→ **Work item**
What is needed is an exact copy of the lines in the listing below, from the one with "В России мусор" up to and including the one with "Combinando estilo e", with no other lines.

→ **Material for this exercise**

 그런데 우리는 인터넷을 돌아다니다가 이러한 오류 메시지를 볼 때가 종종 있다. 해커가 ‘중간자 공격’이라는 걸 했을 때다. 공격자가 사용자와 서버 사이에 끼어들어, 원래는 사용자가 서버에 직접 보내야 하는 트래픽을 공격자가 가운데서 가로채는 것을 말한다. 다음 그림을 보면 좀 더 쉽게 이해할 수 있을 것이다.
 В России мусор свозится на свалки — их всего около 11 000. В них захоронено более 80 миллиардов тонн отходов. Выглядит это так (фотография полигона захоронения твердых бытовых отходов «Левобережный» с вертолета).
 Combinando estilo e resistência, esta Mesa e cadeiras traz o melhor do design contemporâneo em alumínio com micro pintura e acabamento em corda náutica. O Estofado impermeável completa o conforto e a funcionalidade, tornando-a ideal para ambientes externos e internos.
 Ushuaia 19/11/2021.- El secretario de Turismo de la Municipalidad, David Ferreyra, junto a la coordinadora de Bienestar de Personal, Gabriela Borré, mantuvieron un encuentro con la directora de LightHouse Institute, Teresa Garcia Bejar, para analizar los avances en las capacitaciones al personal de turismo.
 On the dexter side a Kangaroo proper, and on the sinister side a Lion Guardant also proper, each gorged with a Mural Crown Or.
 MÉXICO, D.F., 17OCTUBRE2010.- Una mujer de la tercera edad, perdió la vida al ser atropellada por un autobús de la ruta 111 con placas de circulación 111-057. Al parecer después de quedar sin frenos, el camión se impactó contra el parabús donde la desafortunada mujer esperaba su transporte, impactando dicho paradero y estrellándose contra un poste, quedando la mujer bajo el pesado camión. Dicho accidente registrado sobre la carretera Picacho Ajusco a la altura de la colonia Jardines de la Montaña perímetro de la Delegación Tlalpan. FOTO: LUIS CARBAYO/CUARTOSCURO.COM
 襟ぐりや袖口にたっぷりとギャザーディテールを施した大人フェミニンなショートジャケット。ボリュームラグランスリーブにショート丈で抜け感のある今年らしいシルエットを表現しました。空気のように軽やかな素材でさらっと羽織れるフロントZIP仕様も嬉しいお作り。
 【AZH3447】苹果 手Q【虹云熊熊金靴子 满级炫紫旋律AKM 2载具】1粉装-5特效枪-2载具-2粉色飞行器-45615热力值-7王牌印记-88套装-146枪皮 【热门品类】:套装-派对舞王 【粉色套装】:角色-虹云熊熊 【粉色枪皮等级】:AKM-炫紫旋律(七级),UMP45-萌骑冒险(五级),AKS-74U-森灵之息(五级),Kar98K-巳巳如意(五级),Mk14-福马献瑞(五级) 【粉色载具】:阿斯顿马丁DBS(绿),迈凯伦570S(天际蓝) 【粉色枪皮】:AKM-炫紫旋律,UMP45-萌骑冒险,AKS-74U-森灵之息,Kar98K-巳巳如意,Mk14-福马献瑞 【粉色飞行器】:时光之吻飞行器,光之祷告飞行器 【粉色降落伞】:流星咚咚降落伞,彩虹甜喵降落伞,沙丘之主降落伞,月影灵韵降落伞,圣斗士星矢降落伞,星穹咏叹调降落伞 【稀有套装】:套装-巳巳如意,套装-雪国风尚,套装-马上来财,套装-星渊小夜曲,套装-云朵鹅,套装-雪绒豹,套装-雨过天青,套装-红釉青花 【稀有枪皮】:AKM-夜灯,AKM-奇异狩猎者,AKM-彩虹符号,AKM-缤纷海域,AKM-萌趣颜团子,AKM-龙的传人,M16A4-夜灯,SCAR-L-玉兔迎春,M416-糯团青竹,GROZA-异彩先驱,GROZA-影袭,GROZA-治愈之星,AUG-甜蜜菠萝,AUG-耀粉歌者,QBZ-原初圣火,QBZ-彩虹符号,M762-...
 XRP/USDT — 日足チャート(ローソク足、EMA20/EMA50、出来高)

* * *

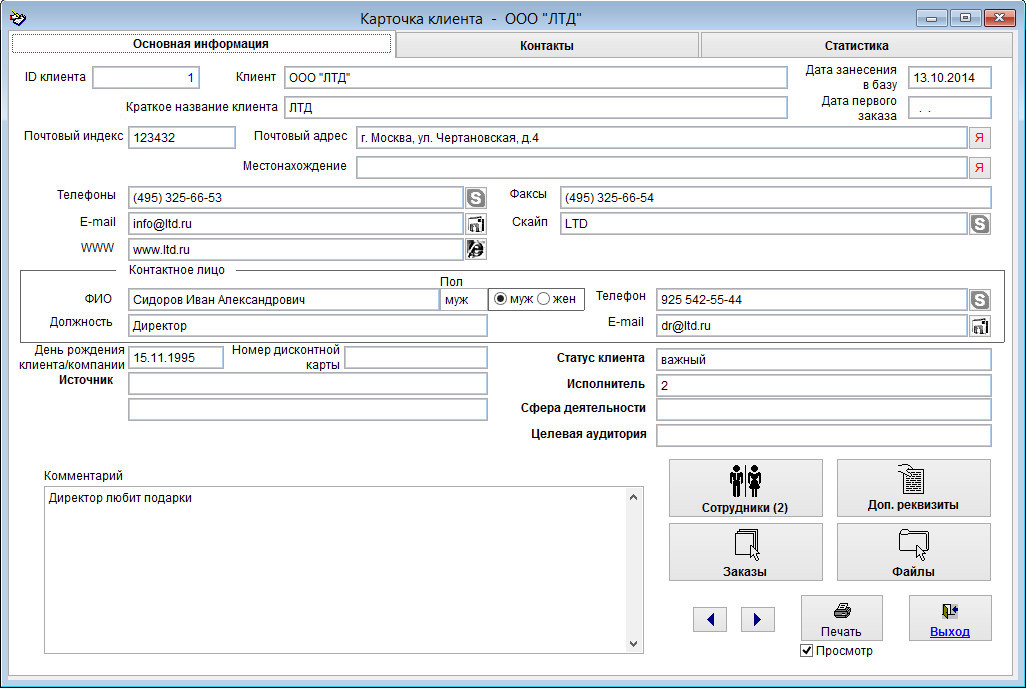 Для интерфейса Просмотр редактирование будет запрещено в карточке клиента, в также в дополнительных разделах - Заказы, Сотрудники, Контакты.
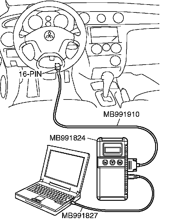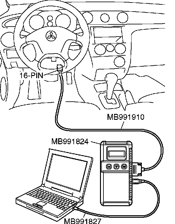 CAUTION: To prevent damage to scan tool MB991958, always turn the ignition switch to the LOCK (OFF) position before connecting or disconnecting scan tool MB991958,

→ **Response to this task**
 В России мусор свозится на свалки — их всего около 11 000. В них захоронено более 80 миллиардов тонн отходов. Выглядит это так (фотография полигона захоронения твердых бытовых отходов «Левобережный» с вертолета).
 Combinando estilo e resistência, esta Mesa e cadeiras traz o melhor do design contemporâneo em alumínio com micro pintura e acabamento em corda náutica. O Estofado impermeável completa o conforto e a funcionalidade, tornando-a ideal para ambientes externos e internos.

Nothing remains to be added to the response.